La meilleure prévention, c’est de ne pas laisser un “petit doute” devenir une vraie urgence. Et quand tu as un doute, tu passes en mode détection plutôt qu’en mode panique.
Puis-je inspecter ma toiture avec un drone personnel ?
Oui, si tu respectes la réglementation française. Un drone avec caméra ou de plus de 250 g doit être enregistré (plateforme Alphatango) et tu dois vérifier les zones autorisées de vol (Géoportail).
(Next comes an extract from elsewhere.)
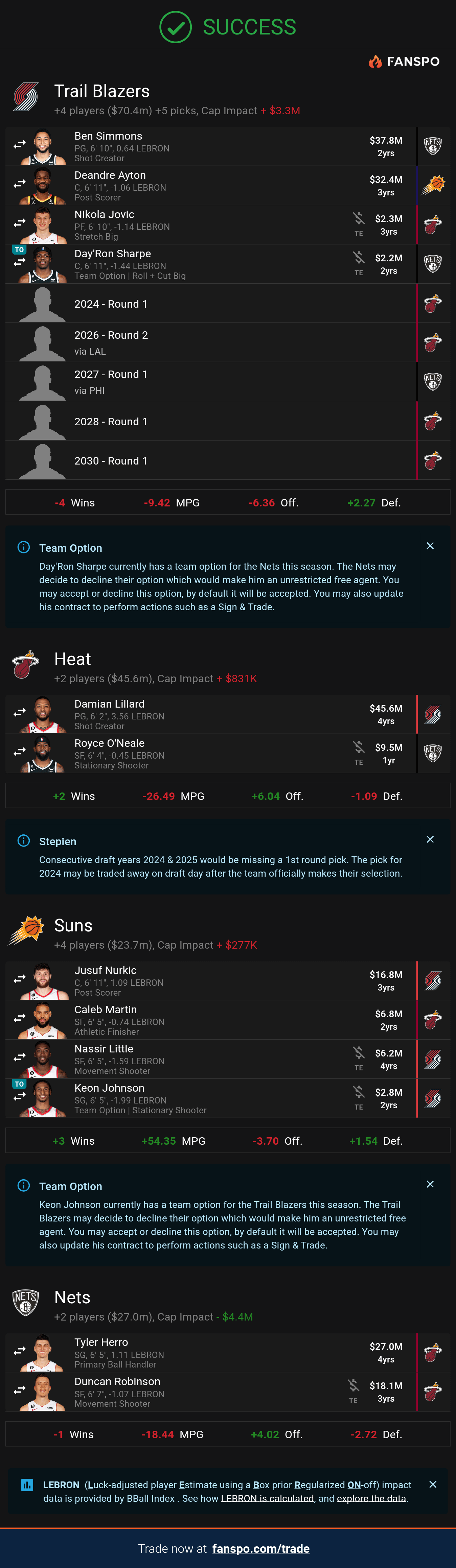 5. In a trade with BKN – The idea of taking Simmons back would be that BKN might actually give up more draft compensation to get off his contract. BKN has better draft assets, so why bother with MIA or PHX, when BKN has a batter asset package for Dame?

Par contre, un drone grand public aide surtout à repérer des défauts visibles (tuiles manquantes, faîtage abîmé) : pour détecter une infiltration invisible, les capteurs thermiques pros sont nettement plus efficaces.
Quelle est la meilleure réparation temporaire en cas de fuite pendant la pluie ?
À l’intérieur : contenir l’eau (seaux), protéger les meubles avec des bâches, sécuriser l’électricité si la zone est proche d’un circuit, et photographier les dégâts des eaux. À l’extérieur : le bâchage est la solution la plus efficace, mais uniquement si la météo est calme et si tu es équipé (harnais). Sinon, appelle un couvreur en urgence.
Comment savoir si je dois réparer ou remplacer une partie de la toiture ?
Si la fuite vient d’un point précis (tuile cassée, solin localisé, gouttière fissurée) et que le reste de la couverture est sain, une réparation ciblée est souvent suffisante. Si tu observes une porosité généralisée, plusieurs points de faiblesse, un écran sous-toiture détérioré, ou des éléments de charpente touchés, une rénovation partielle ou complète devient plus logique, sinon la fuite se déplacera.
Après la réparation, combien de temps faut-il pour l’assèchement ?
Ça dépend de l’isolant, de la ventilation et de l’ampleur de l’infiltration. Compte souvent plusieurs jours à quelques semaines pour un assèchement complet. Ventile, chauffe modérément, utilise un déshumidificateur si besoin, et contrôle l’isolant : s’il est détrempé, il peut nécessiter un remplacement, sinon tu gardes de l’humidité piégée et des moisissures peuvent apparaître.
Quels points de toiture fuient le plus souvent ?
Les zones sensibles sont le faîtage, les joints, les gouttières/chéneaux, les coins et les ouvertures (fenêtres de toit, cheminée, sorties de ventilation). Ce sont des endroits où l’étanchéité dépend de raccords et de pièces métalliques, qui vieillissent et se déforment plus vite que les tuiles elles-mêmes.